Le recueil italien dans lequel puisèrent Boaistuau et Belleforest parut en Italie en 1554 (186 novelle). Marqué par la variété du ton et la diversité des registres, à l’instar de ce qui se pratiquait à l’époque, mais écrit dans un style un peu lourd, qui compromit l’adhésion des lecteurs italiens, il était constitué de récits mêlant thèmes religieux, grosses farces à la manière médiévale, et autres aventures comiques. Il contenait par ailleurs, tout comme le Discours des Champs faëz, de Claude de Taillemont (1553) ou bien encore l’Heptaméron de Marguerite de Navarre (publié initialement par Boaistuau en 1558), des récits portant sur les « malheurs de l’amour », des histoires tragiques avant l’heure, en somme, puisque cette dénomination fut inventée par l’auteur breton.

Le futur créateur des histoires prodigieuses choisit six nouvelles assez longues, dont l’amour faisait les frais, où l’horreur ou le pathétique des situations et en général la cruauté du dénouement répondaient bien à son projet. Il s’octroya dans son travail bien plus de liberté que les traducteurs de son temps (ceux des textes en prose, du moins), ajoutant, supprimant, retranchant, modifiant à son gré, cherchant à s’adapter aux goûts des lecteurs de son époque, à accélérer le déroulement des récits, complétant enfin son travail par des recherches dans les sources de l’auteur italien. Ainsi, parut avant l’été 1559 un volume dont l’unité était affirmée par ce titre : Histoires tragiques – des histoires que le traducteur, de façon insistante, donnait pour vraies, répondant cette fois aussi aux attentes du public. Le genre était né.

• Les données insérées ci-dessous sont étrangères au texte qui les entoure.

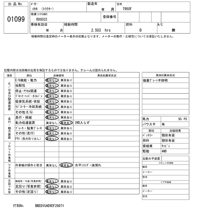 Статус выставлен на аукцион Лот 1099 Аукцион ARAI Kenki Дата аукциона 17.03.2026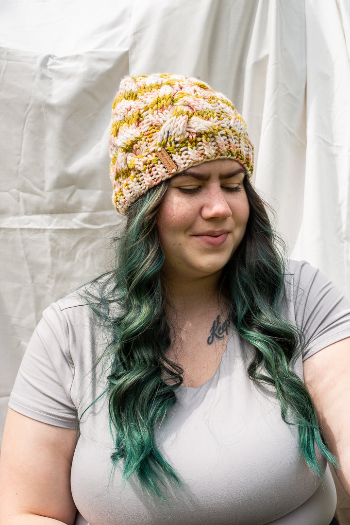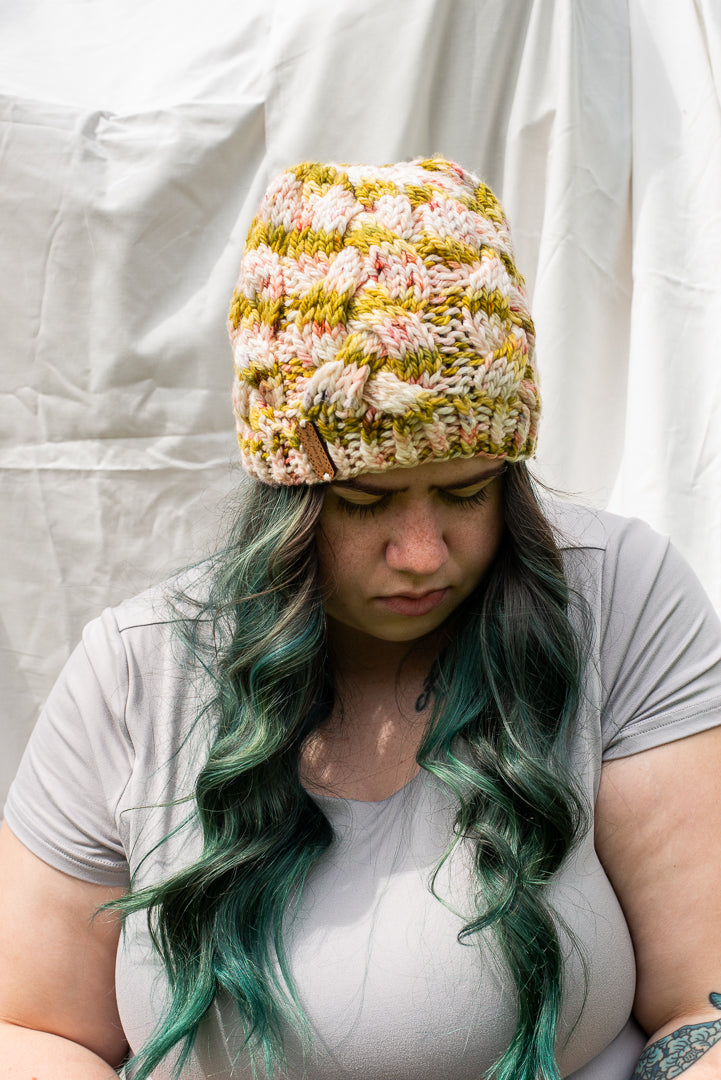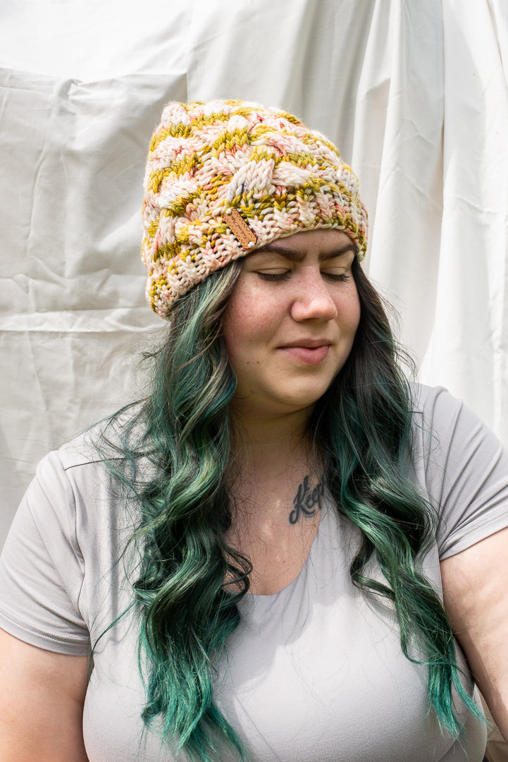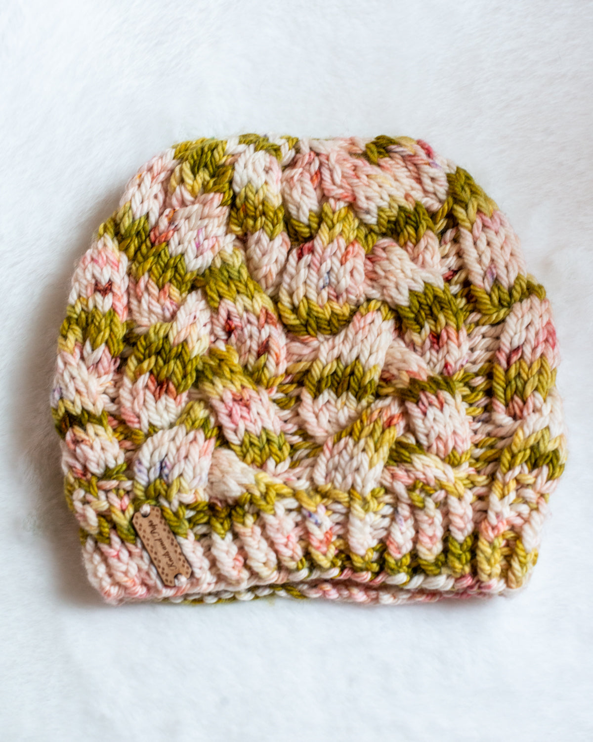 All one of a kind hats are knit with hand dyed, 100% merino wool. Because of how the wool we use is dyed by hand, each skein is unique. Combined with the braided pattern, even if we use the same colorway, each hat is totally one of a kind.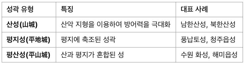 💡 Tip: 한국은 산이 많아 산성이 발달했으며, 삼국 시대부터 산성을 적극적으로 활용했다.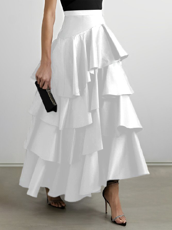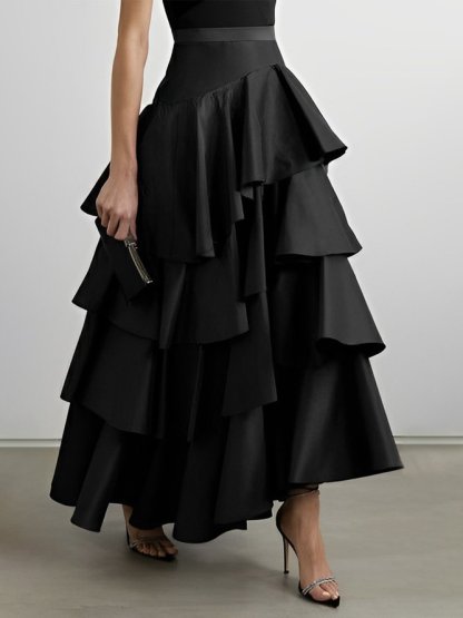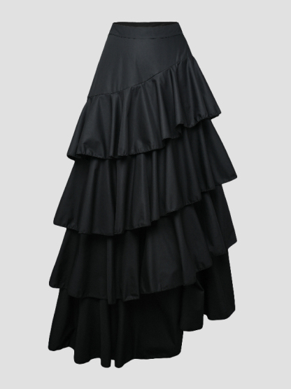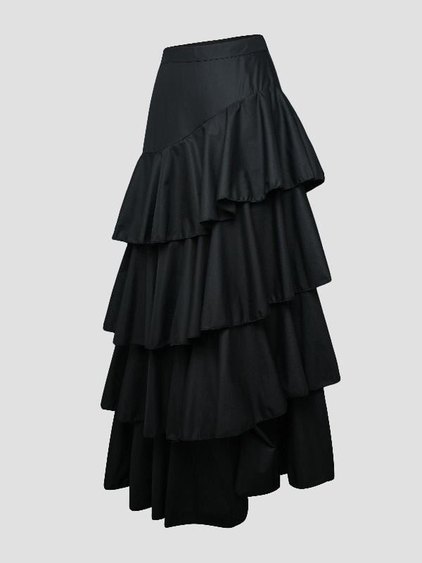 A-Line High Waisted Falbala Solid Color Long Skirts Skirts Bottoms
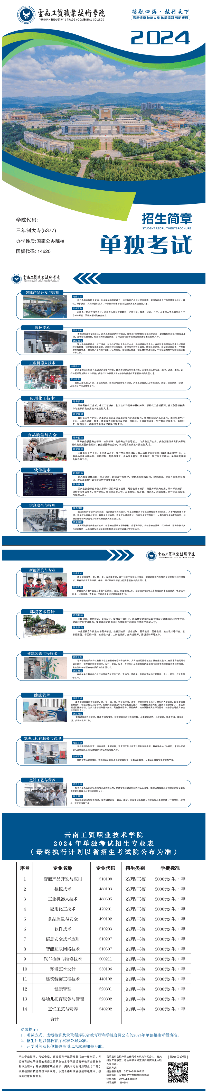 云南工贸职业技术学院2024年单招招生简章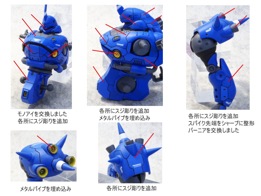 適所にスジ彫りの追加とプラ板チップを埋め込みました。 グラデ…
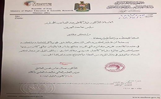 وجه وزيرالتعليم العالي والبحث العلمي السابق الدكتور جمال العادلي كتاب شكر وتقدير الى رئيس جامعة النهرين الاستاذ الدكتور نبيل كاظم عبد الصاحب استذكارا لحصوله على جائزة سقراط الدولية الصادرة عن جامعة اوكسفورد في المملكة البريطانية المتحدة والتي منحت لافضل خمسون قائدا في العلم والتعلم على المستوى الدولي، وتمثل هذه الجائزة إضافة نوعية لمؤسسات التعليم العالي والبحث العلمي وما حققته الكفاءات العلمية العراقية من تبوء مكان المقدمة أسوة بكبريات المؤسسات الرصينة .

Ce recueil connut trois éditions en 1559. La même année, François de Belleforest (1530-1583), qui avait aidé Boaistuau dans ses traductions et allait également contribuer peu après à la continuation des Histoires prodigieuses, publia à son tour douze novelle. C’est cet ensemble de dix-huit textes qui allait constituer par la suite le premier tome de la série des Histoires Tragiques.

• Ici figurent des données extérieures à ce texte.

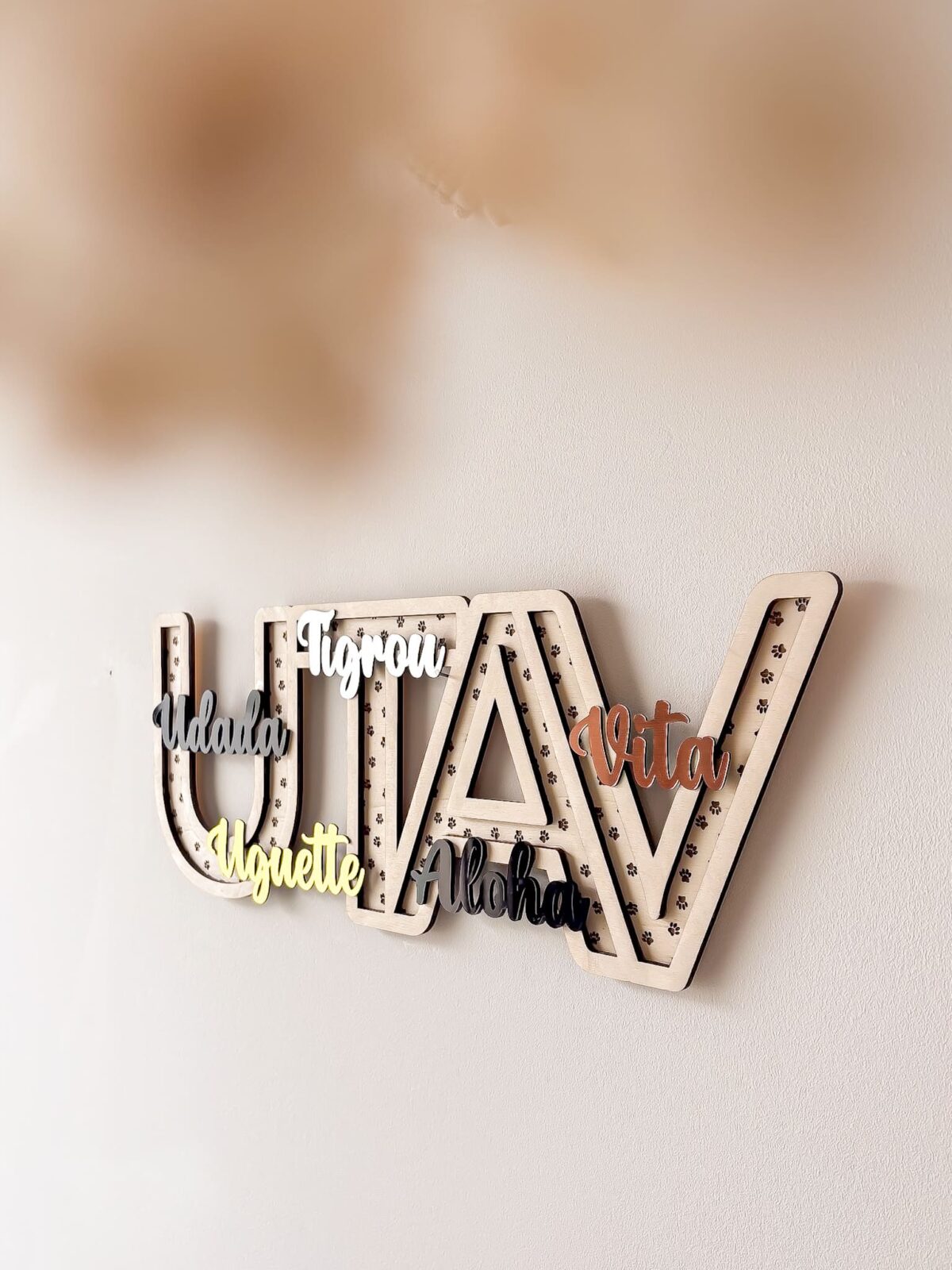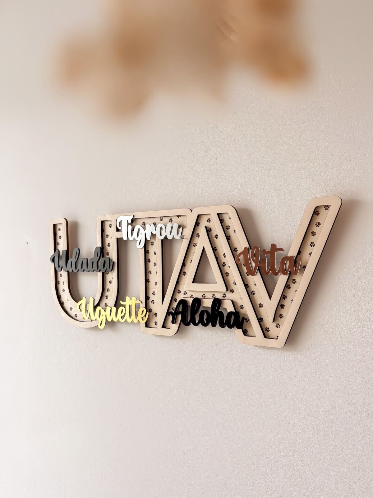 Que ce soit pour décorer le salon avec les initiales de la famille, le bureau avec un mot inspirant, ou une chambre d’enfant avec un prénom, je travaille sur mesure pour vous. Vous choisissez les lettres, les motifs et la couleur du plexi.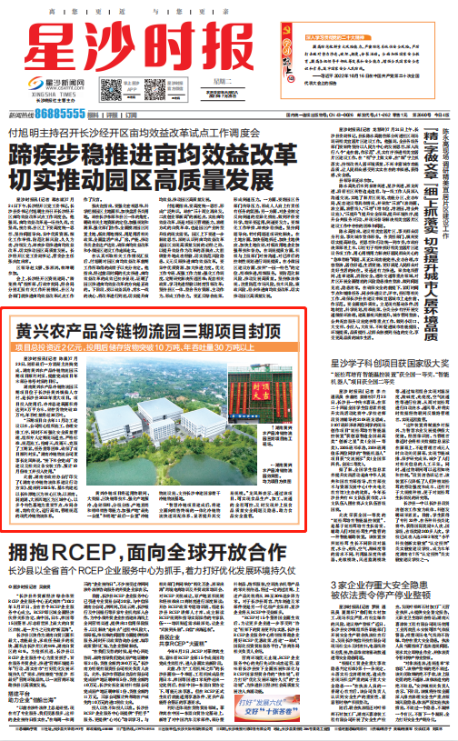黄兴冷链项目将运用物联网、大数据、区块链等技术,强化产地预冷、仓储保鲜、分级分拣、产地直销和错峰销售等能力,加强产地“最先一公里”和销地“最后一公里”冷链物流设施,支持长沙申建国家骨干冷链物流基地。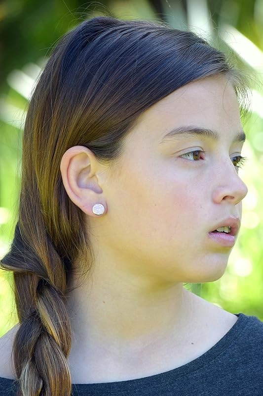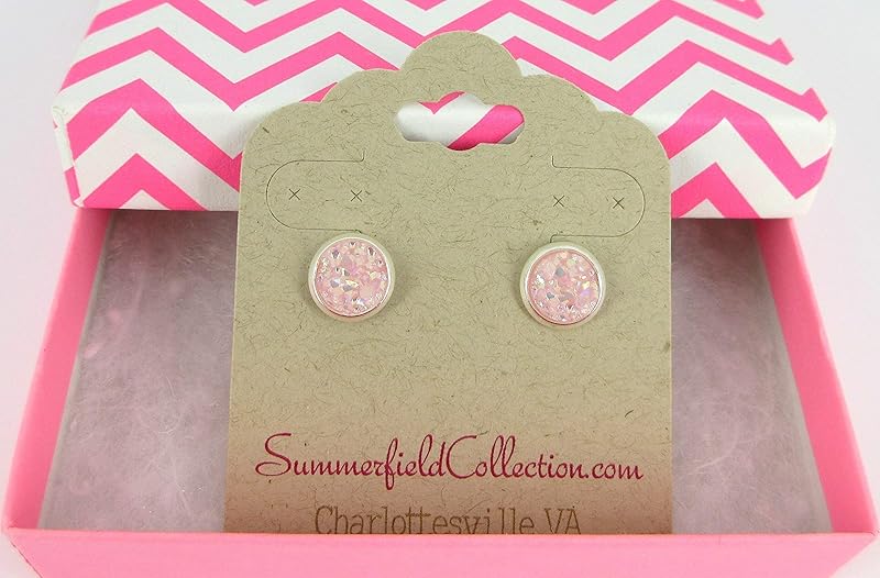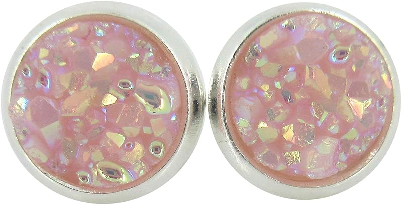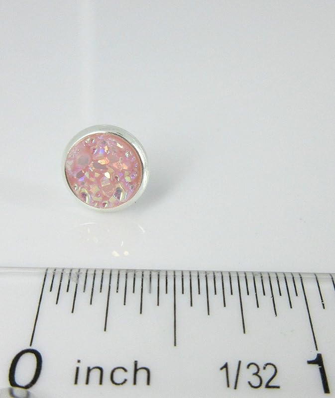 Summerfield Collection Silver-tone Pastel AB Faux Druzy Stone Stud Earrings 8mm (Ballet Pink)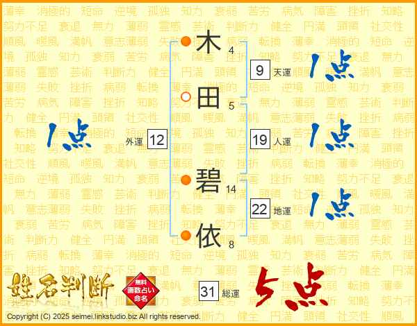 生活面を象徴する運勢です。外部から受ける影響力を表し、結婚運、家庭運や職場、環境への順応性を表します。総運から人運を引いた画数。姓や名が1文字の場合を除く。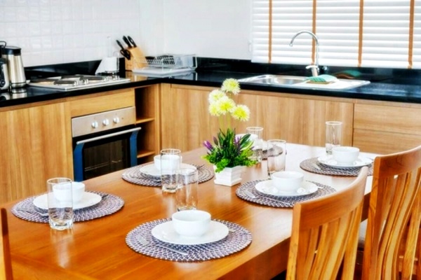 - อุปกรณ์ครัวครบ (ตู้เย็น,ไมโครเวฟ,กาต้มน้ำไฟฟ้า,กะทะ,หม้อต้ม,หม้อหุงข้าว,เครื่องปิ้งขนมปัง,เตาไฟฟ้า,เตาอบ)

Boaistuau s’en tint à ses six nouvelles, publia un an après ses Histoires Prodigieuses et Belleforest poursuivit quant à lui son travail, retenant surtout chez l’auteur italien les récits tragiques relatifs à l’amour, dont il pouvait tirer des réflexions et des préceptes moraux lui permettant d’intégrer des commentaires en adéquation avec ses convictions religieuses et sa vision sombre de la société et de l’histoire, s’essayant, tout comme Boaistuau et conformément aux exigences de l’époque, à l’analyse psychologique des personnages, prenant enfin encore plus de libertés avec le texte que ne l’avait fait son prédécesseur. La conception qu’avait Belleforest de ses écrits excluait bien sûr les « récits immoraux où la satisfaction d’un amour illégitime ou de passions coupables n’entraîne aucun malheur, et cela l’obligeait presque nécessairement à donner à ces peintures du vice un dénouement tragique. » Mais, « bien qu’il déclare à plusieurs reprises que ses histoires ne sont “si tragiques que comiques” et que le “parler toujours de meurtres et de massacres fasche l’esprit de ceux qui ont l’âme paisible”, ces tableaux sont évidemment ceux qu’il préfère, et il s’excuse le plus souvent auprès de son lecteur, lorsqu’il va traiter un sujet qui “n’est que tragi-comique” […] » (Sturel p. 54)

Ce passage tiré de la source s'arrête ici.